The Arab world came heavily under the influence of the secular, socialist Arab nationalism when, in 1955, Britain, France and Israel invaded the Suez Canal. They were sternly chided by the US President Dwight Eisenhower and ordered to leave. Meanwhile, the Egyptian forces were engaging with the invaders. This gave the impression to the Arabs that Nasser, the new saviour of the Arabs, had driven them out. That this was not the case was proven in 1967 when Israeli forces routed the combined Arab forces and captured Jerusalem (from Jordan), Sinai (from Egypt), West Bank and Gaza strip (from Jordan) and Golan Heights and Sheba Farms (from Syria). With these captured lands Israel grew four times bigger in size compared to its original area.
With this defeat Arab nationalism lost face, but soon a new generation of Arab leaders, inspired by Nasser’s image, came up: Hafez al-Assad in Syria, Muammar Gaddafi in Libya, Saddam Hussein in Iraq, Anwar Sadat in Egypt, Jaffer al-Numeri in Sudan, Benali in Tunisia, besides Ahmad bin Billah in Algeria and some smaller figures in Arabic-speaking lands. Virtually all of them failed and brought great disaster on their countries. This almost buried Arab nationalism and Arab socialism forever.

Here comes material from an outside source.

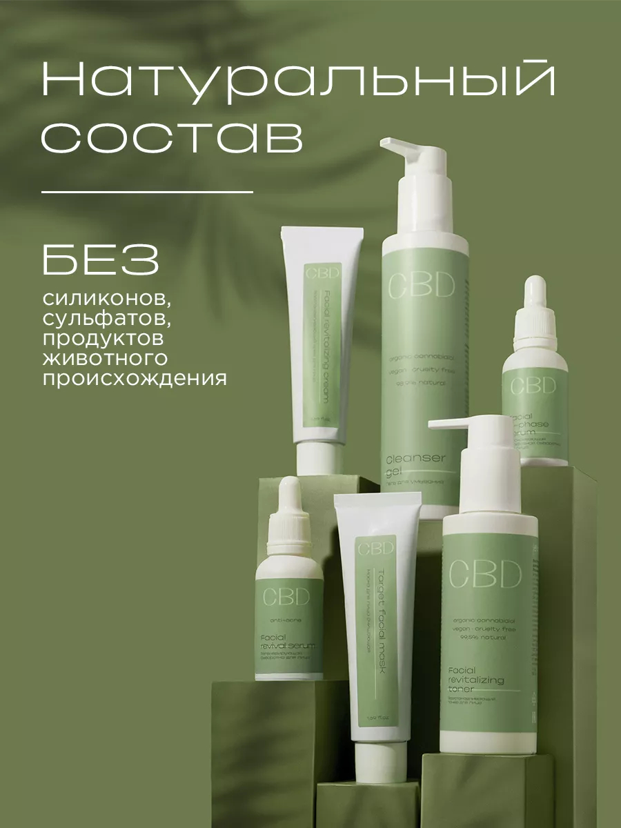 Aqua (Вода), Hamamelis Virginiana Leaf Water (Гидролат гамамелиса), Glycerin (Глицерин), Niacinamide (Витамин В3), Pentylene Glycol (Растительный пентиленгликоль), Inulin (Инулин), Cannabidiol (Изолят каннабидиола), Sodium Hyaluronate (Гиалуронат), Carrageenan (Каррагинан), Benzyl Alcohol (Бензиловый спирт), Glycereth-2 Cocoate (Растительный солюбилизатор), Xanthan Gum (Ксантановая камедь), Lactic Acid (Молочная кислота), Benzoic Acid (Бензойная кислота), Camellia Sinensis Leaf Extract (Экстракт зеленого чая), Potassium Sorbate (Калия сорбат), Sodium Benzoate (Натрия бензоат).
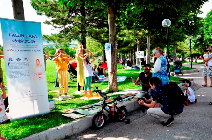 Uygulayıcıların yaptığı egzersizler etrafta bulunan vatandaşların ilgisini çekti. Çok sayıda kişiye Falun Dafa uygulaması tanıtıldı ve faydaları anlatıldı. Çok sayıda broşür dağıtıldı. Piknik yapmak için Ahlatlıbel Piknik alanına gelen vatandaşlardan bazıları egzersizleri öğrenmek istediler ve uygulayıcılarla birlikte egzersizleri yaptılar.

Political Islam, too, did greater harm than good. Egypt was politically divided because of it. Some of the extremist Islamists were executed. Others like al-Zawahiri and Omar the blind were exiled. Because of these groups hundreds of thousands of Muslims were killed in civil war in post-Soviet Uzbekistan and the government abolished newly announced Islamic freedoms. In Afghanistan, CIA and Pakistan’s ISI trained the Taliban in madrasahs on Af-Pak border. The Taliban chased away and killed an entire generation of Afghanistan’s Islamic fighters, the Mujahideen. Later the West destroyed the Taliban themselves, with ISI help. The caliphate of Islamic State of Iraq and Syria (ISIS) killed thousands of Muslims before Khalifa Baghdadi was killed and the “caliphate” largely disintegrated. Before that, the one-eyed Taliban leader, Mullah Omar had declared himself caliph by reportedly appearing in public in the Prophet’s (PBUH) gown.

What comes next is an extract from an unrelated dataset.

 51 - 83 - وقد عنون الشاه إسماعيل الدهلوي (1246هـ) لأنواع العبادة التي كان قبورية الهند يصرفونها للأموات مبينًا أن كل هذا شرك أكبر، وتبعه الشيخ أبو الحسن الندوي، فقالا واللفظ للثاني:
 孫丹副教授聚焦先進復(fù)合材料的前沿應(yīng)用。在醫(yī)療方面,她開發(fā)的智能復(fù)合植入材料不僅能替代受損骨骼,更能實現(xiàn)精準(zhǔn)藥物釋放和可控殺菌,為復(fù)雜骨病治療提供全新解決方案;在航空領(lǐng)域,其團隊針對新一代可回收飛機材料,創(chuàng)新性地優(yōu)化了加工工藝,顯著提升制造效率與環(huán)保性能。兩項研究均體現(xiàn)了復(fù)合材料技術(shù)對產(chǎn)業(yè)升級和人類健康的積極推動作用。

Now is the moment for the Ummah to decide what it should do with itself, which course to take, which to avoid. We have seen far too many false dawns, run after far too many false messiahs. In this series of four articles I have pointed briefly at several issues that can be discussed in detail to clarify where we stand today and where we should be headed in days ahead.